HALF NELSON
Ryan Fleck, EUA, 2006

Creditado como uma co-autoria entre o diretor Ryan Fleck e sua co-roteirista e produtora Anna Boden, seria um tanto justo que a este “a film by” comunitário se juntasse o nome de Ryan Gosling, que dá face e alma ao filme. Numa atuação absolutamente física, filmada muitas vezes com a câmera colada ao seu corpo, Gosling é o guia para esta jornada ambígua que Fleck e Boden pretendem mostrar. É verdade que se trata de um filme de dois pólos, onde Gosling, um professor de história numa escola pública que tem as suas horas vagas regadas pelas mais variadas drogas, é oposto a Drey, sua aluna cuja maturidade permite freqüentar os ambientes menos prováveis com imensa sobriedade. O trabalho de Shareeka Epps como Drey é bastante eficiente, mas talvez pelo funcionamento de sua personagem, que possui um caminho mais tranqüilo dentro do filme, ela não consegue ter o mesmo impacto de Gosling.

Filmado em 16mm, o filme é inteiramente feito com a câmera na mão. A capacidade de Fleck de conseguir fazer uso deste formato é algo raro, sem transformar em nenhum momento a câmera na mão numa virtuose tremida. A fotografia é cheia de pequenos detalhes, mudanças focais, com as cores trabalhadas geralmente num tom desbotado, e a presença constante do grão na imagem. A forma como consegue equilibrar todos estes cacoetes formais é realmente interessante, a mostra de um olhar talentoso que está em constante busca pelo melhor modo de se aproximar de seus personagens. Ele também não abusa da câmera colada aos atores, utilizando-a apenas em alguns momentos, a grande maioria deles em torno do personagem de Gosling.

Half Nelson é também um filme de forte teor político, especialmente no trato com seus personagens. Se Dan (Gosling) é um professor de carisma e talento inegável no tato com os jovens, mas possui uma vida pessoal complicada e tortuosa, ele está longe de ser o único personagem cuja vida possui um estranho equilíbrio.
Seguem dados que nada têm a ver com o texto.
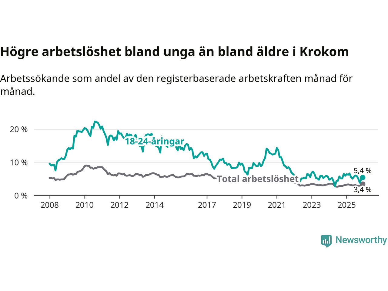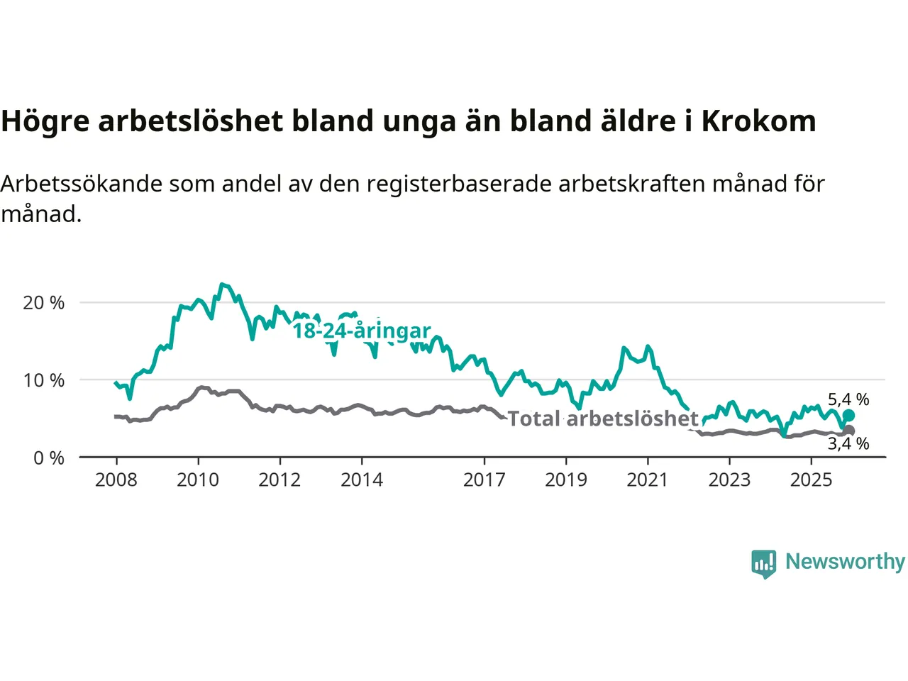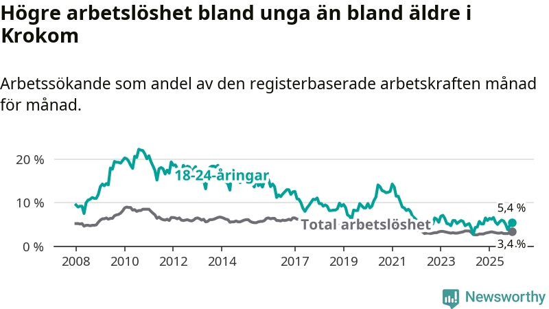 Till skillnad från den totala arbetslösheten sjunker arbetslösheten bland unga (−0,5 procentenheter). I december var 5,4 procent av 18–24-åringarna inskrivna som arbetssökande (motsvarande 36 personer). Mäter vi antalet inskrivna ser vi en minskning med ett personer på ett års sikt.

Por exemplo, não há maldade no traficante interpretado por Anthony Mackie, um grande amigo do irmão de Drey, que está preso (muito provavelmente pelos negócios com Mackie). Ele genuinamente tenta se aproximar dela, que com um pai sumido e uma mãe ausente pelo trabalho, vive solitária demais. Vai ao seu jogo de basquete na escola – ressaltando a importância de que alguém a represente –, protege-a nas ruas, lhe dá abrigo nas tardes. Até mesmo quando Drey a ajuda com seus negócios escusos, isso não significa que ele esteja abusando dela, justamente pela postura de ambos os personagens: Drey, madura demais pra ser coagida numa exploração; Mackie, um carinho grande demais pela personagem para colocá-la em perigo contra sua vontade. O filme constantemente aponta para um caminho perigoso, mas o cineasta sabe o ponto exato de cortar e se recuperar. É um filme irregular em certa medida, mas bastante consciente daquilo que pretende.

Sobram ainda alguns simbolismos com os quais o filme não lida tão bem. Por vezes são interessantes, mas parecem sempre se aproximar do simplório demais. O mais explicito deles é o band-aid que Gosling usa após levar um soco em seu lábio, no momento em que seu personagem está mergulhando no fundo do poço. O band-aid carrega a imagem da bandeira americana, um simbolismo até compreensível, mas que de tão bobo e desnecessário perde qualquer interesse do ponto de vista político. As crianças recitando momentos da história americana possuem bem mais força, mesmo que por vezes soem questionáveis. A cena que mais funciona destas seqüências é aquela em que, após recitar uma destas situações – sempre acompanhadas por imagens de arquivo do evento –, uma menina vira para o professor e questiona: “isso realmente aconteceu?”.

O que talvez falte a Fleck (e Boden, como querem) é a percepção de o que há de mais forte do ponto de vista político no filme, e que isto não se encontra nestas alegorias mais diretas. Não é na sensibilidade que reside o talento do filme e de seus autores, cuja câmera possui um aspecto físico bem mais forte. A força do filme por este ponto de vista está na forma como conduz e mostra estes personagens, suas relações entre si, independente de qualquer ação insensata que venham cometer. É isso que dá a estes personagens uma imagem imensamente crível, e por isso mesmo garante ao filme um teor intensamente político. São sujeitos imperfeitos antes de qualquer outra coisa, e que tem na sua capacidade de seguir em frente, com suas crenças e erros, um otimismo voraz e raro. É a estas figuras que Fleck precisa encontrar como mostrar, com sua câmera flexível, sua imagem granulada, sua constante procura. Bastava não se perder em algumas destas anedotas fáceis e Half Nelson seria um filme brilhante.